Despite all the commotion regarding this case, with suggestions of slavery and forced labour, the reality is that the decision was made on a very narrow point. Indeed the court was quite clear that, generally, those claiming Jobseeker’s Allowance ‘should be required to participate in arrangements which may improve their prospects of obtaining remunerative employment’. It said that such arrangements would not breach Article 4 of the European Convention on Human Rights, which prohibits slavery and forced labour.

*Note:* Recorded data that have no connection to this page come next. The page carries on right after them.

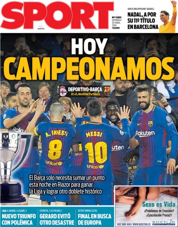Al diarioSport no le importaron nada estos mandamientos y sorprendió encabezando su portada de domingo con el título“hoy campeonamos”, en relación a las altas probabilidades que tiene Barcelona de coronarse en su visita al Deportivo La Coruña.
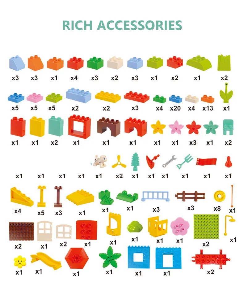 Дорогие друзья, Добро пожаловать в наш специализированный магазин Dsney & i! Большие частицы Happy Valley Park ролевые игры Juguetes для детей О товаре игрушки Juguetes * Совместимость со всеми кирпичами Duplo Brand * 3 модели на ваш выбор, как показано на фото * Количество кирпичей: 60/70/168 шт. * Упаковочный лист: блоки + Инструкция Освещение: Реалистичные и интересные модели Крупные строительные блоки, делают модель более реалистичной Яркий и замечательный цвет, может улучшить познавательные способности ребенка в цвете Экологически чистые материалы АБС без вреда для ребенка Может развивать интеллектуальные и практические навыки вашего ребенка Гладкая поверхность, без вреда для ребенка Нет оригинальной цветной коробки. Мы упакуем в картонную коробку. Для экономии авиаперевозок!
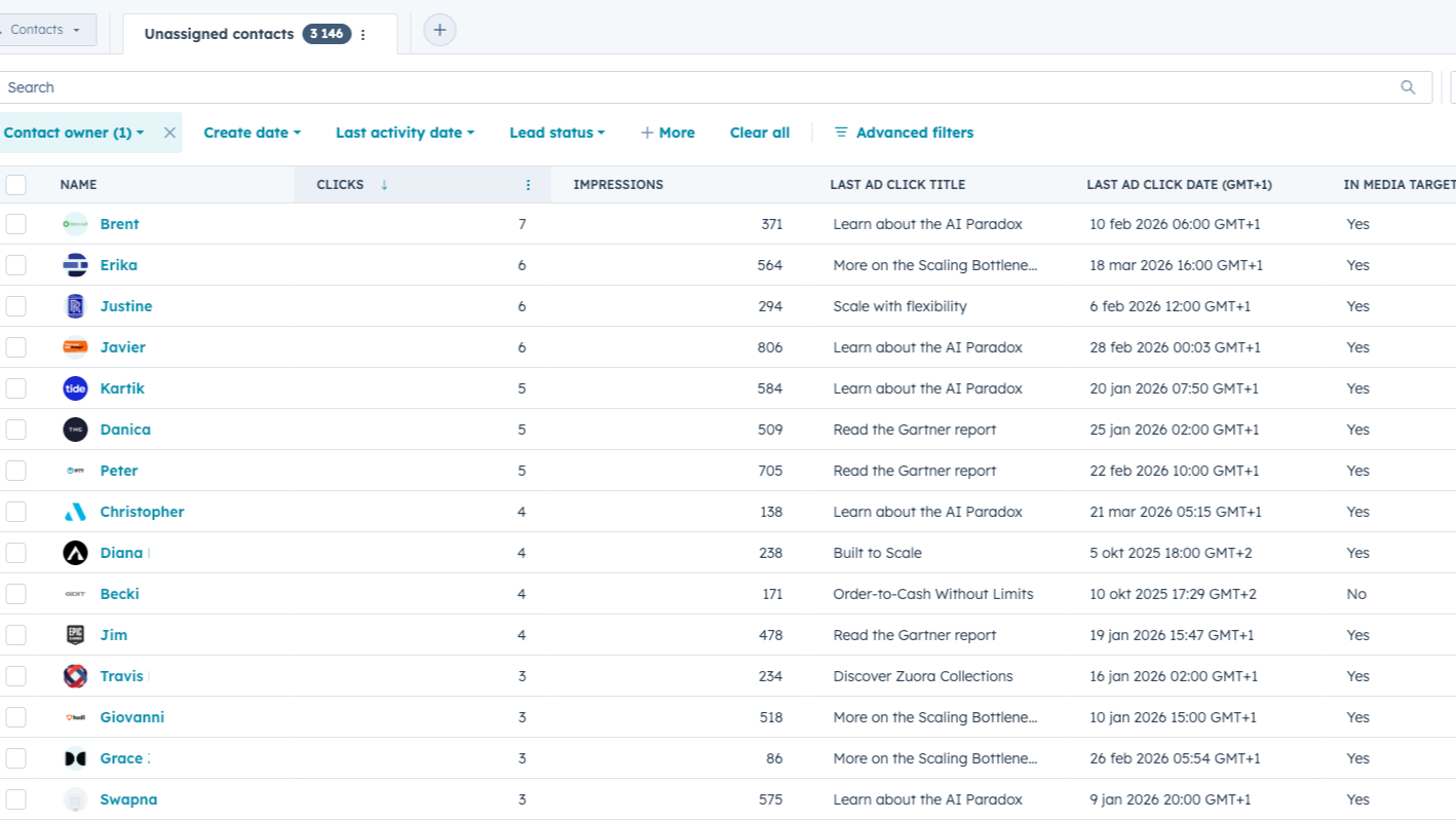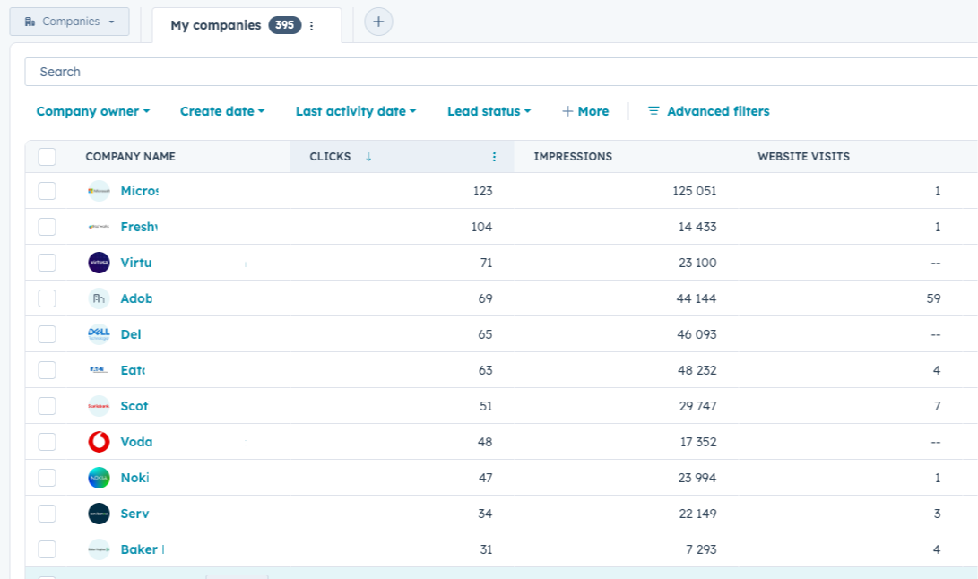 Presenteert de KPI voor bedrijfs- en contactmediamarketing in de aangepaste eigenschappen voorafgegaan door doe, gekoppeld aan het DOE-platform en elke 24 uur gesynchroniseerd. Je kunt ze gebruiken in je lijsten, rapporten en elke weergave!
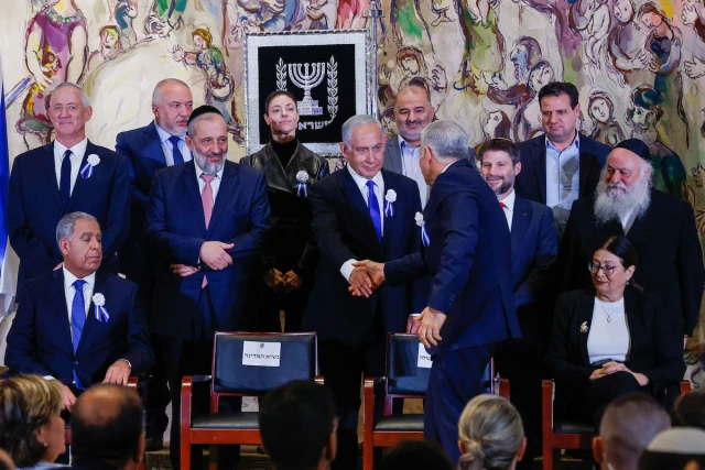 With a decisive right-wing coalition taking shape, the 120 members of the 25th Knesset were sworn in today, two weeks after the Nov. 1 election, with an admonition to keep "minorities – who are fearful that their needs will not be on the agenda – in mind.
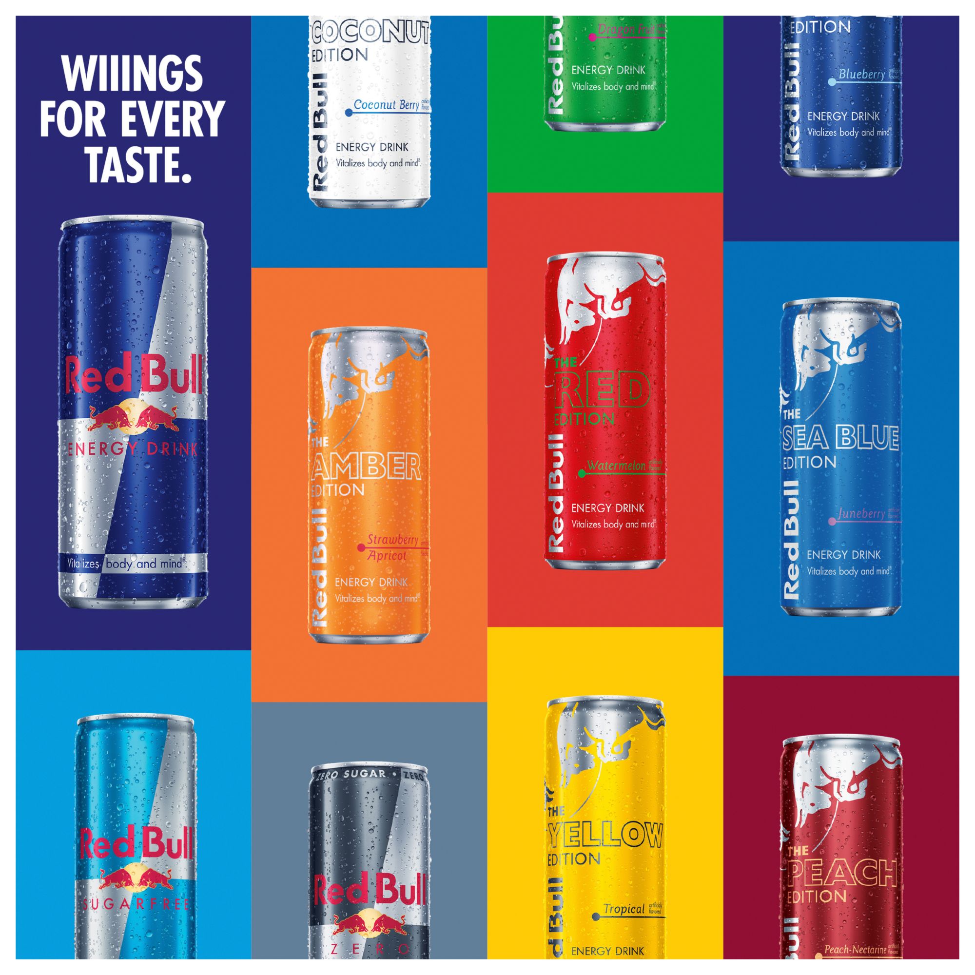 Red Bull Energy Drink gives you Wiiings whenever you need them. Red Bull contains caffeine, taurine, B vitamins, real sugar and water to help get you ready to fly through work, adventures, gaming and more. Drink straight from the can, pour into a glass over ice. Store this 24-can variety pack of Red Bull in the fridge to stay stocked for any occasion. Red Bull gives you Wiiings.
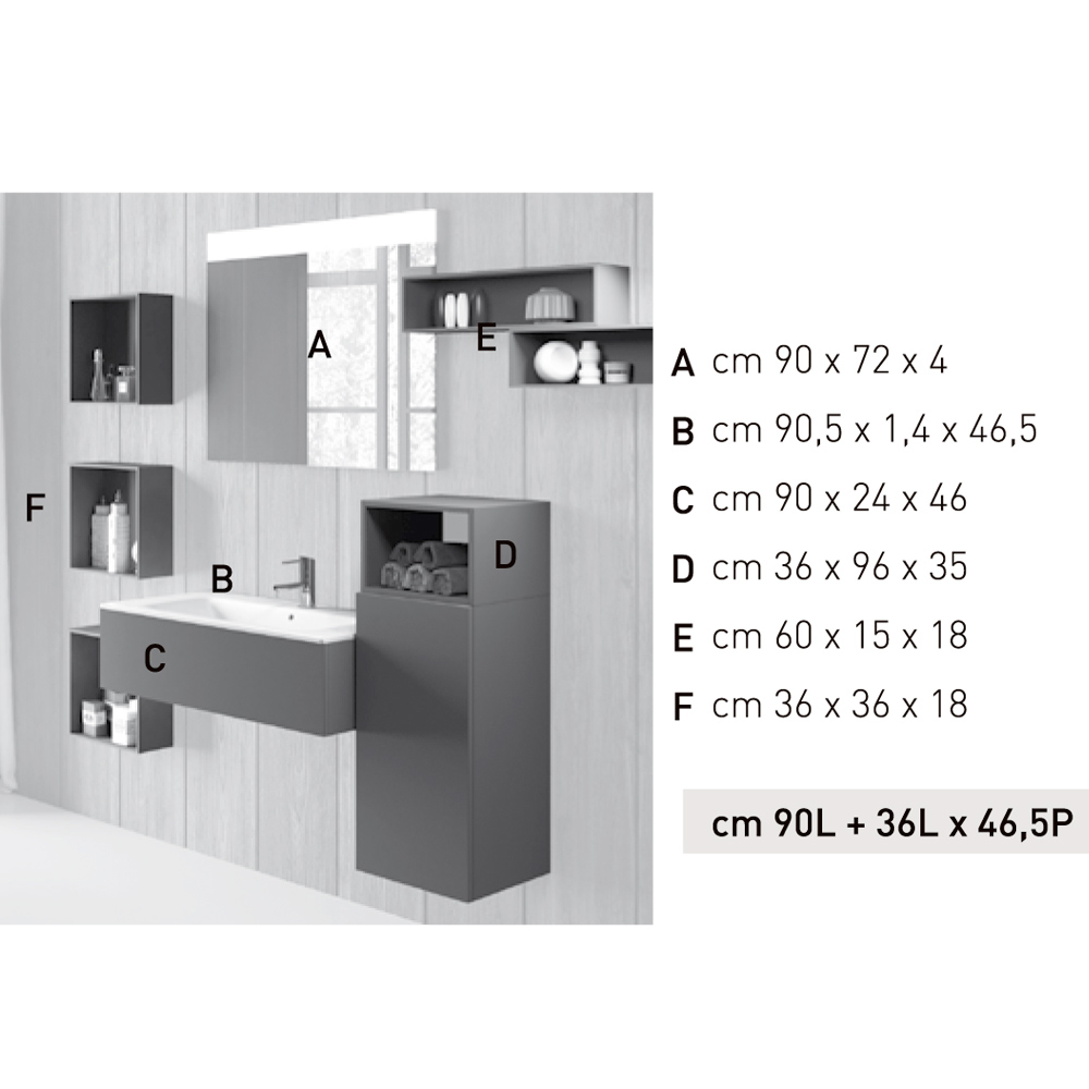 - A lateral base in smoky grey Fenix; L36xH96xD35 cm;
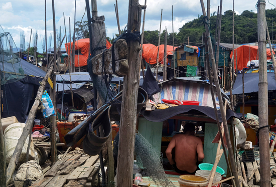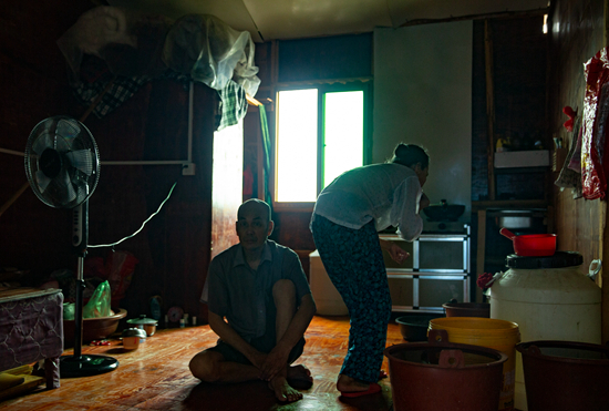 6月30日,福建省福安市下岐村,居住在滩头吊脚楼里的连家船民。连家船民常年在狭小的船舱劳作,年老后身体变形、各种疾病也慢慢凸显。
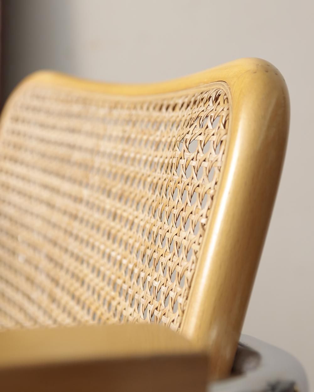 また、籐張りの背もたれと座面が、柔らかく身体を支えてくれ
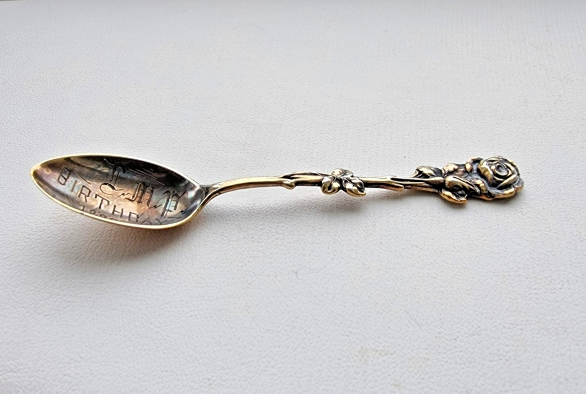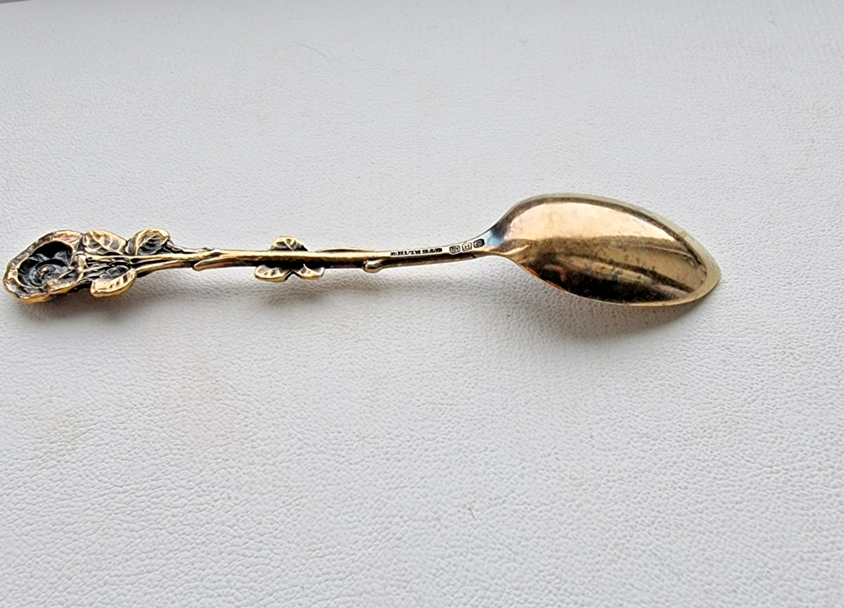 - VINTAGE 925 STERLING SILVER ROSE PATTERN SOUVENIR COLLECTIBLE SPOON 4in

So if forcing jobseekers to take part in certain schemes is not slavery what exactly made it unlawful in this case? Simply put, the schemes were not set out in the way required by law, so they were unlawful. The schemes were apparently operated under the Jobseeker’s Allowance (Employment, Skills and Enterprise Scheme) Regulations 2011. The Jobseeker’s Act 1995 (section 17A) provides that regulations can make rules for requiring people to participate in back to work schemes of a ‘prescribed description’. The 2011 Regulations simply stated that there was Employment, Skills and Enterprise Scheme and that it was a scheme under the 1995 Act. The regulations did not give any other description of the scheme nor the schemes that Miss Reilly and Mr Wilson were told to participate in. As the schemes were not properly described they were not of a ‘prescribed description’ as required by the 1995 Act. They were therefore unlawful and were quashed (invalidated) by the court.

The government intends to appeal the decision to the Supreme Court. In the meantime it has laid new, more precise, regulations before Parliament so that the schemes can continue.

Wednesday 6 February 2013

Perverting the Course of Justice and Marital Coercion


This week former cabinet minister, Chris Huhne, has pleaded guilty to perverting the course of justice by allowing his then wife to take speeding penalty points for him in 2003.

Huhne, who has now also resigned as an MP, accepted that he wanted to avoid the penalty points because they would lead to him losing his driving licence when added to the penalty points he already had. He now faces a possible prison sentence.

Meanwhile, his former wife, Vicky Pryce, continues to deny that she perverted the course of justice. It is alleged that she informed the police she was driving the vehicle when it was caught speeding so that Huhne avoided prosecution.

The court heard that the speeding offence only became public knowledge in 2011 after Huhne told Pryce about an extra-marital affair. The court was told that Pryce wanted revenge for the affair and provided the story to the Sunday Times to ‘nail him’.

Pryce will now use the marital coercion defence. She will have to prove that she was pressured by Huhne into accepting the speeding penalty points on his behalf. The trial continues.

Marital Coercion

The defence of marital coercion is a curious one, based on an old legal presumption that any crime committed by a wife in the presence of their husband was under coercion. The presumption was abolished by section 47 of the Criminal Justice Act 1925, but a defence remained. In any case apart from treason and murder it is a good defence for a wife to say an offence was committed in the presence of their husband under their coercion. The wife has to show on the balance of probabilities (that it is more likely that not) that their will was overcome by the coercion of the husband to commit the offence.

It is worth asking if we think such a defence is justified in the 21st century. After all we are all protected by defence of duress if we commit an offence (not murder, attempted murder or treason) because of a threat of serious harm. The Law Commission, the body that reviews the law, has called for the abolition of the defence, saying it is not suited to modern conditions. I certainly agree.